# Acidifier v algae?



## micmath (27 Mar 2012)

I noticed that a couple of products that advertise as being algae cures have listed ingredients that seem strange to me. One lists only "salicylic acid", and another lists, more vaguely, "acidifier and buffer". I can find no reference to salicylic acid being effective against algae, and I'm wondering on what basis these products could possibly work (if indeed they do). Is it merely the fact that their products are acidic? I find it hard to believe that any self-respecting algae would be bothered by a bit of acidifier, at least not at levels that would be safe for the rest of the tank.


----------



## ian_m (27 Mar 2012)

Looks like it does affect algae.

http://www.ukaps.org/forum/viewtopic.php?f=19&t=19242
and
http://oas.uco.edu/01/papers/lfimple01.htm


----------



## micmath (27 Mar 2012)

That's very interesting reading. In particular...

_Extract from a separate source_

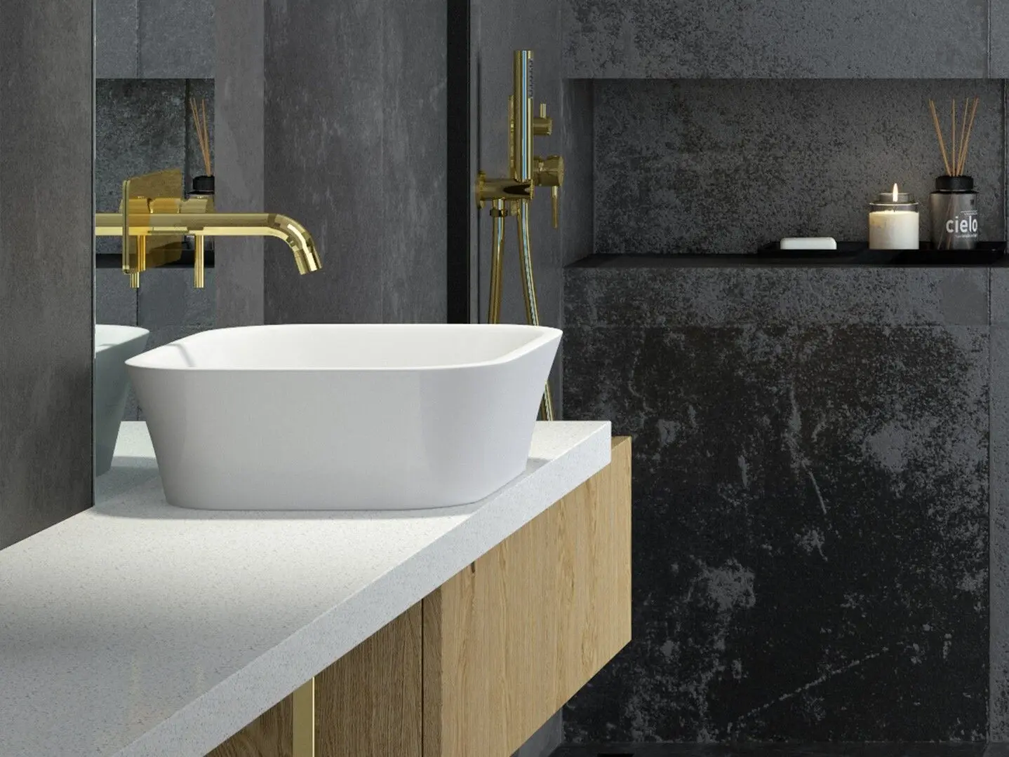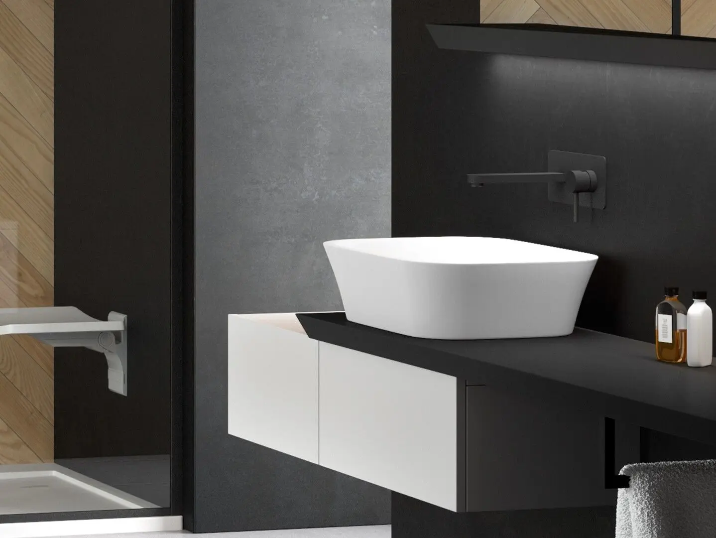 Lavoarul Besco ASSOS pentru montare pe blat este proiectat pentru băi cu design contemporan, oferind o soluție funcțională zonei de spălare. Forma dreptunghiulară și dimensiunile 400x500x150 mm permit integrarea compactă pe mobilier sau blat, facilitând instalarea în spații rezidențiale sau comerciale. Materialul Mineral DuraBe este un compozit mineral cu suprafață netedă, neporoasă, de culoare albă, ceea ce simplifică întreținerea și reduce aderența murdăriei.

> Phosphorus is the limiting nutrient in algae blooms and salicylic acid can block the uptake of phosphorus by algae.  Therefore, it is hypothesized that adding salicylic acid to a nutrient rich media like poultry litter runoff water will inhibit the growth of algae.



Thanks for the reference!


----------



## plantbrain (28 Mar 2012)

Question is, does it block PO4 uptake in plants also? Or just algae and if so, which species of algae?


----------



## micmath (28 Mar 2012)

I wondered about that too. The study that was cited says this about the _type of algae affected_:



> It was also determined that Closterium was the easiest algae to count on the wet mount slides. The smaller spherical Chlorella and Chlamydamonas algae were not seen in the sediment and may have stayed in suspension during the centrifuging process.  Plus, it was easy to determine if the Closterium cell was dead or alive due to the color change from green to brown as the cell died. Therefore, it was decided to use Closterium only in the actual experiment and to record the number of dead cells as well as the total number of algae.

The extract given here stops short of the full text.